# Agression towards other dogs/bitches



## ukyankee (Nov 25, 2010)

Hi there, this is the first time we have registered with a forum as we would just like a little advice about our 4 year old rescue Vizsla "Loki". We have managed to deal with this aggression issue by keeping him on the lead, however we would like to know what we can do to SOLVE the problem rather than just DEAL with it. 

I'll try to make the history bit of it as easy reading as possible ( my husband says I can put a glass eye to sleep with my descriptive stories! )

So we had a lab for about 2 years before we decided to rescue Loki from a centre for Vizsla's. We were warned that he was aggressive towards men ( they said because he was abused quite severely) which we dealt with and he slowly learned to accept most men. His tail started to wag after 6 months, and he just settled into the most lovable, soppy, velcro dog! The lab helped immensely as she was the most loving and playful and sensitive little pup. They became best mucca's and were inseperable until she became very ill very quickly and passed away. Loki mourned for a few months I would say. He started to become more aggressive and anxious again after about 6 months. We then decided that we would get another rescue as a friend for him. About 3 months ago we brought home another Vizsla named Salsa ( who has no behaviour issues, was just neglected ), and instantly they were sleeping in the same crate ( on their own accord ) would sleep on top of each other, always be touching and would not go anywhere or do anything without each other. 

so now I don't think that there was a massive issue with Loki getting aggressive towards other dogs when Tilly our lab was around, but we have noticed with salsa now, he is starting to chase other dogs and pin them down by their necks. He has never "bitten" another dog, just pins them to the ground. It does happen more commonly with other very playful pups that jump on him, but I am just to fearful to let him off the lead when there are others around. We are just assuming that he must be very protective of her around other dogs and we just assume that he must remember Tilly just disappearing and doesn't want Salsa to do the same. 

They have 1 very long walk ( well they run around in a few farmers fields or the forestry) per day as well as another 1 or 2 smaller, half hour walks in the evening/morning depending on our shifts. 
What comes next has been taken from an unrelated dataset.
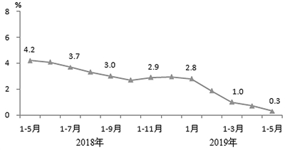 电信业务收入增速继续放缓。1—5月,电信业务收入累计完成5590亿元,同比增长0.3%,增速同比回落3.9个百分点,较1—4月回落0.4个百分点。
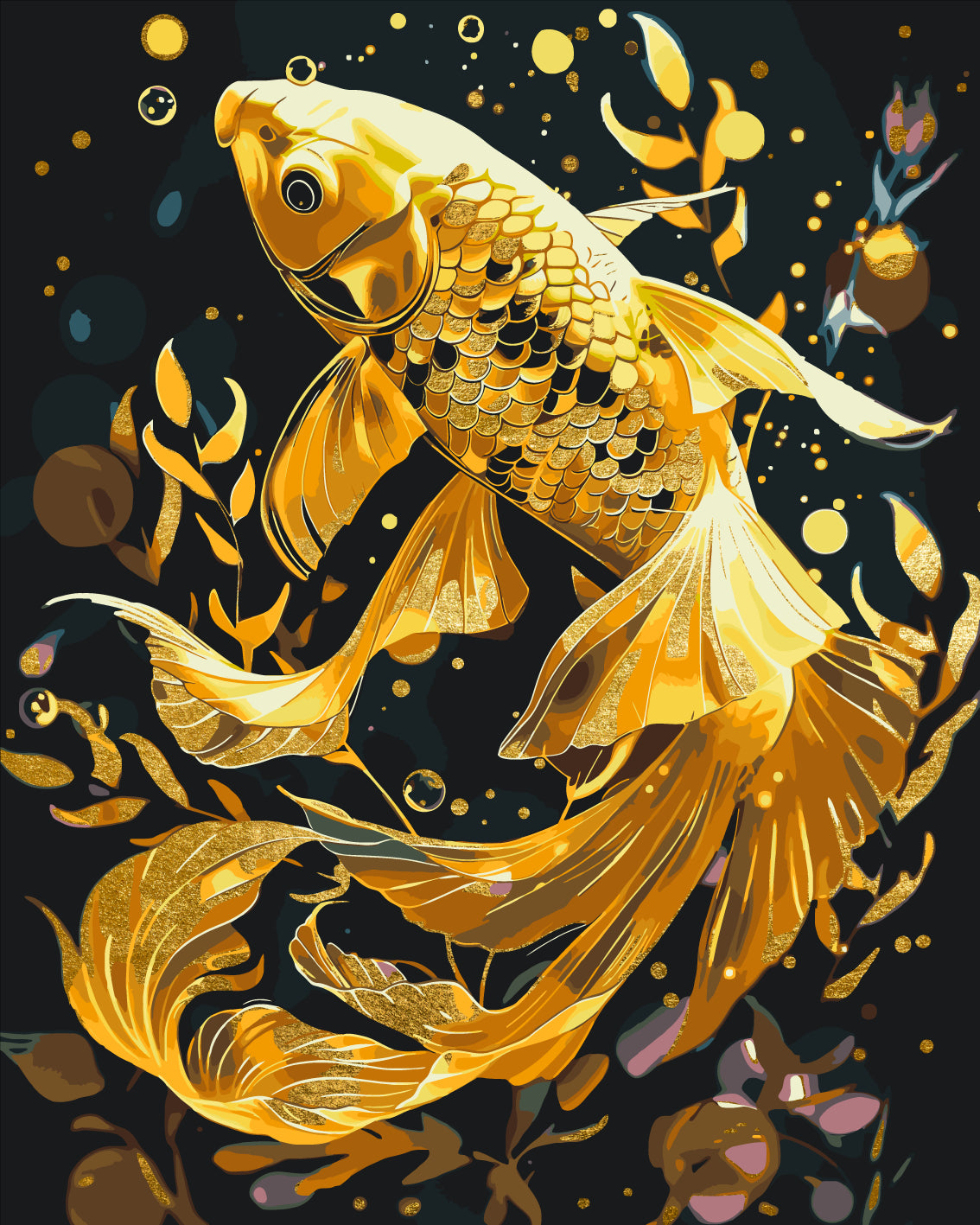 Maľovanie podľa čísel Zvieratá. Zlatá rybka s metalickými farbami 40*50 cm LW 9670

We will be happy to answer any questions and take into consideration any advise. We would just like to seem him become a more stable dog. He deserves that considering what he has been through. 
Many thanks.


----------



## gunnr (Aug 14, 2009)

ukyankee

Welcome,and well done for adopting out your two Vizslas.

"_*We were warned that he was aggressive towards men ( they said because he was abused quite severely) which we dealt with and he slowly learned to accept most men*_"
I think that dogs on some level may have an awareness of human gender. However, abuse is just abuse, whether done by male or female. Don't make the assumption that all is well with a female human,and watch him close.
Vizslas aren't aggressive dogs by nature, but they can hold their own if push comes to shove.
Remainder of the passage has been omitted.